After being on the 50mgc, I noticed that not only is my hair shedding not stopping, my scalp is red on top. It's not a rash or raised. It blanches when I press on it. Like too much blood flow?

Also, when I stand too long or put my feet in hot water (tub or shower) my feet get extra red! They immediately stop as I walk but it's scary. I've always had red feet out of the water since I like hot water...but the standing thing is concerning me. Also, when the sun hits my feet (again heat) even when lying down I can see them get red unrelated to sunburn! And when I run- like a heat intolerance on my feet but also when standing too long. (unrelated to heat). Like a vascular issue. But it immediately goes back to normal when I start walking.

This all happened within the last few weeks of increasing my dose...

Could these be symptoms indicating that my Synthroid level is too high? Or are these just symptoms of Hashimotos, despite an optimal TSH? I don't know what my current TSH is because it's only been 4 weeks.

I have Raynaud's symptoms when it's cold. My dr. said it's the thyroid (hypo) but it still continues despite normal levels. I read about hot feet (erthymaglia) and hoping I don't have this and that it's just my thyroid replacement level is too high!!! I know erthymaglia is very rare- but overdosing synthroid in the beginning is common. Just want to know if what I describe could be a symptom.
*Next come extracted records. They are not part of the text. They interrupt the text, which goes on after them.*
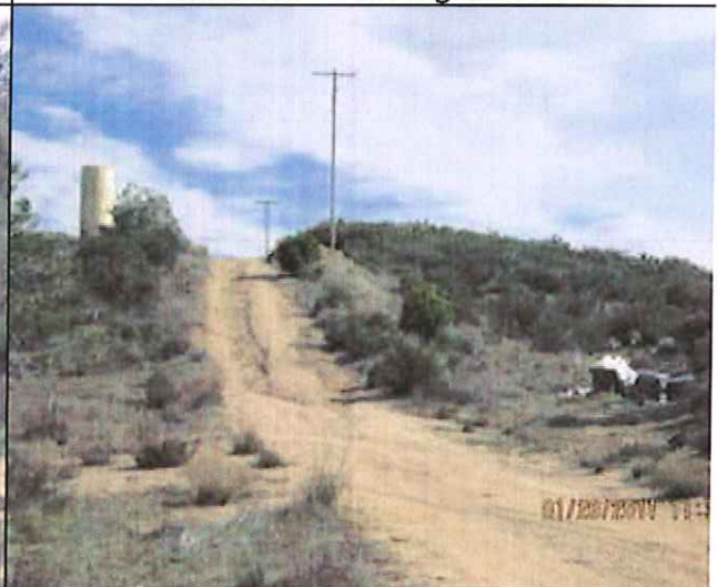
AMEza FU 01262011
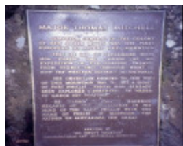
h01027 macedon cross cameron drive mt macedon plaque she project 2003
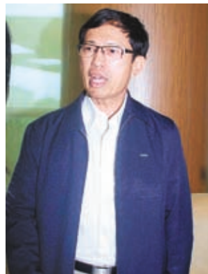
Deputy Minister U Zin Yaw

remains were buried there. According to Malaysian police's report, four were killed in the incidents. But one died at Hospital. So, the number of those killed has reached five. Names
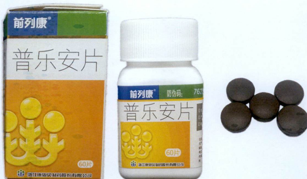
Pule' an Pian [as reflected in the package insert]
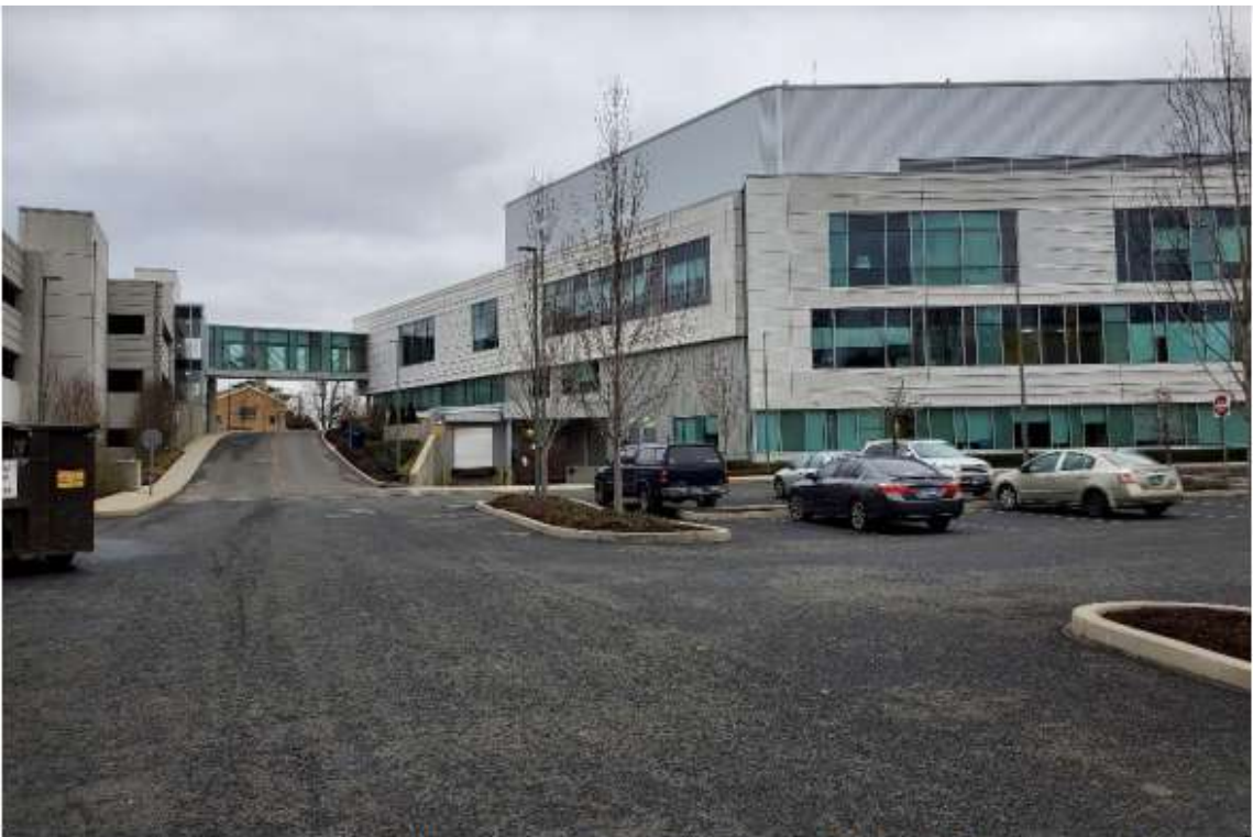
Looking west toward Facility location at center of photo (to right of trees); building in background.
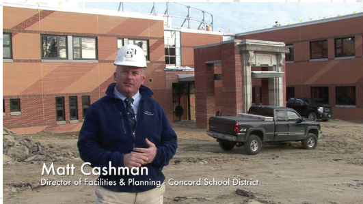
Elementary School Tours
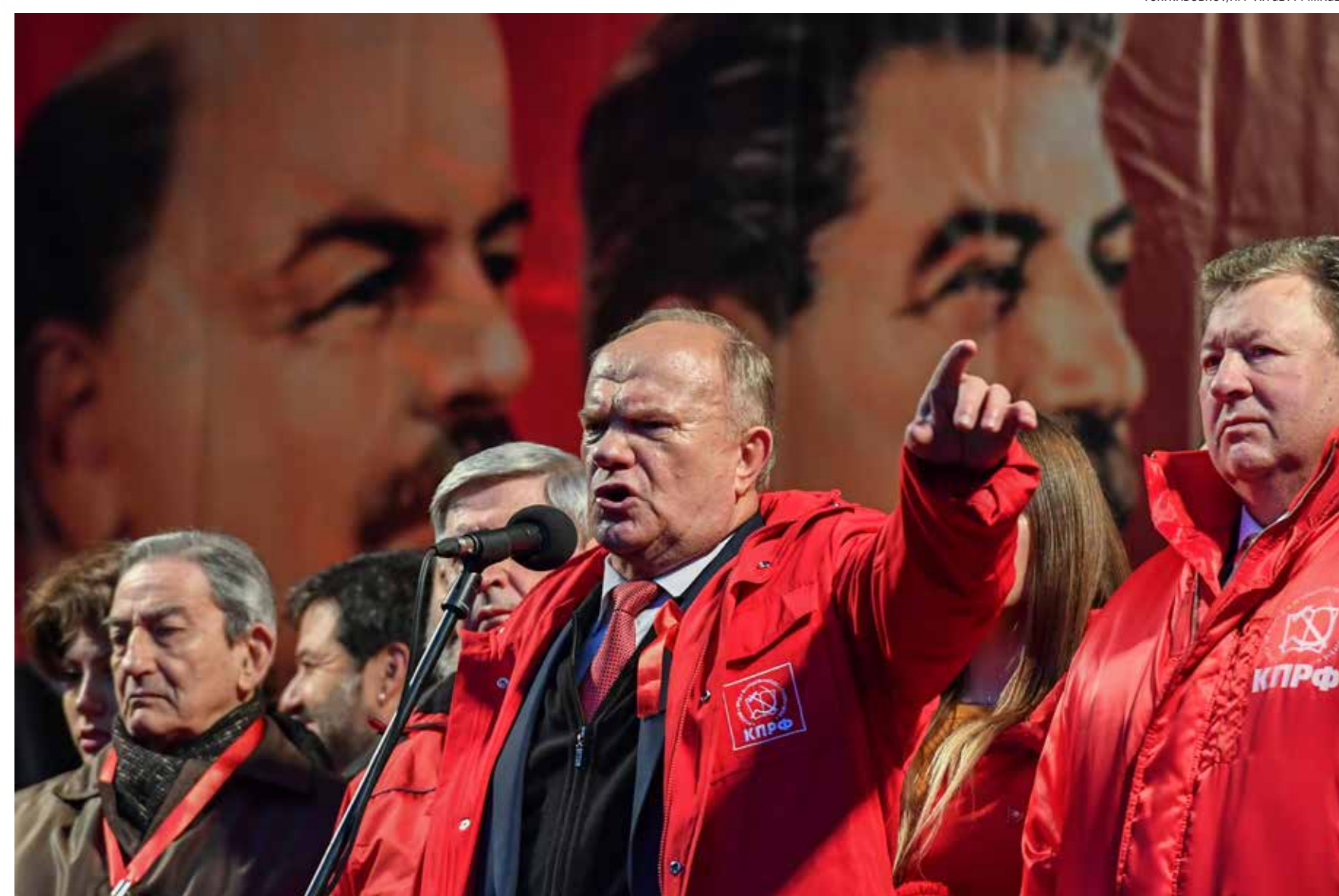
Communist Party leader Gennady Zyuganov gives a speech during a rally marking the 100th anniversary of the 1917 Bolshevik Revolution in Moscow on Nov. 7, 2017.

It's very easy for the world communist movement to be confident of victory when the vast majority of their intended victims don't even know that the threat still exists.
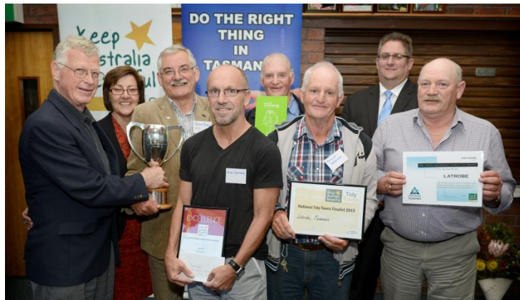
The Latrobe delegation receiving the town of Latrobe's Tasmanian Sustainable Communities/Tidy Towns Award from sponsors

The town of Latrobe was recently awarded the Tasmanian Title of Sustainable Community/Tidy Towns 2012-13.
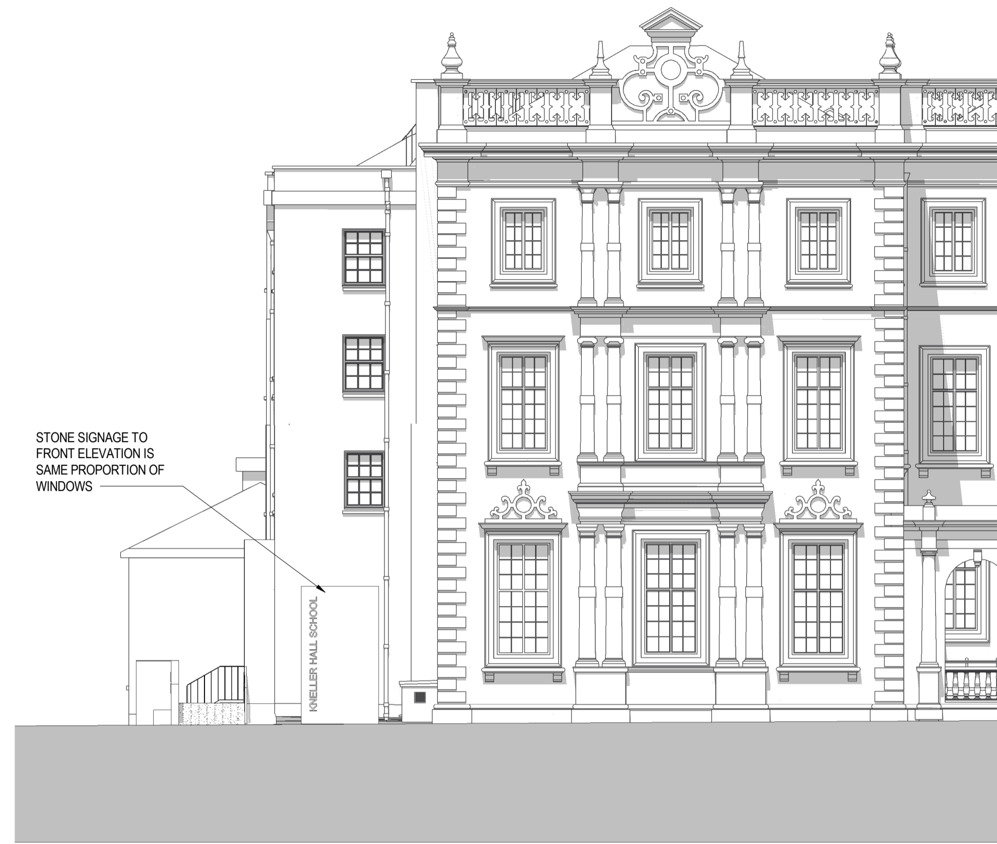
2 SOUTH ELEVATION 1 : 100
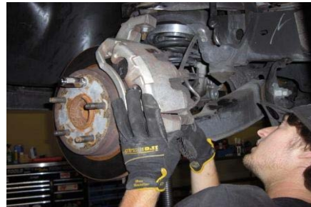
16. Reconnect brake calipers, sway bar links, and tie rods.
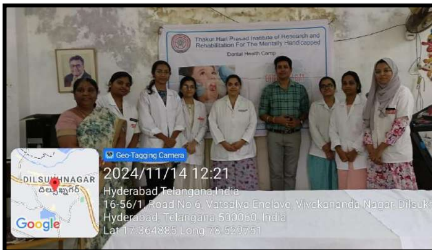
Group picture with the staff of the institution
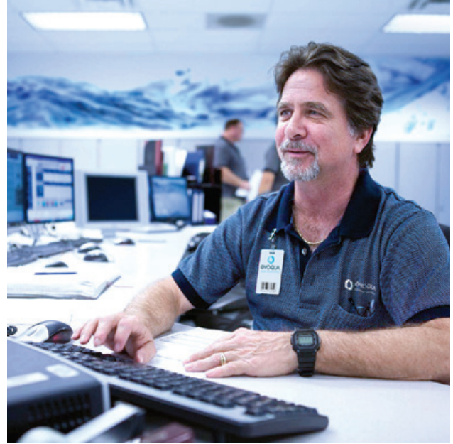
Evoqua will monitor your water system 24/7/365 with real-time visibility and rapid response from our best-in-class service team

Water One services provides a unique solution by combining key technologies with outcome-based water guarantees for reliable water quality and system performance.

I don't have any other "hyper symptoms". No increased heart rate, etc.

I do have a call into the doctor- my repeat labs aren't for 2 more weeks. Too early to check. (been on the 50 for 4 weeks).

Thanks for any insight! I'm so worried!!! I feel good though besides the hair loss (so distressing) and this red feet/scalp thing!


----------



## surge (Aug 15, 2012)

I get the red scalp thing and the hair loss. Not the feet though. I have it with both hypo and hyper-- there's really only a small window that is sometimes hard to stay in. Sigh. So I don't think your symptoms necessarily indicate that you're on too high a dose. They might though. Every body has a sort of 'advanced guard' a first set of symptoms that might indicate if you are headed one way or the other, and these are things to begin to notice (and write down b/c memory loss is a symptom of hypo...lol).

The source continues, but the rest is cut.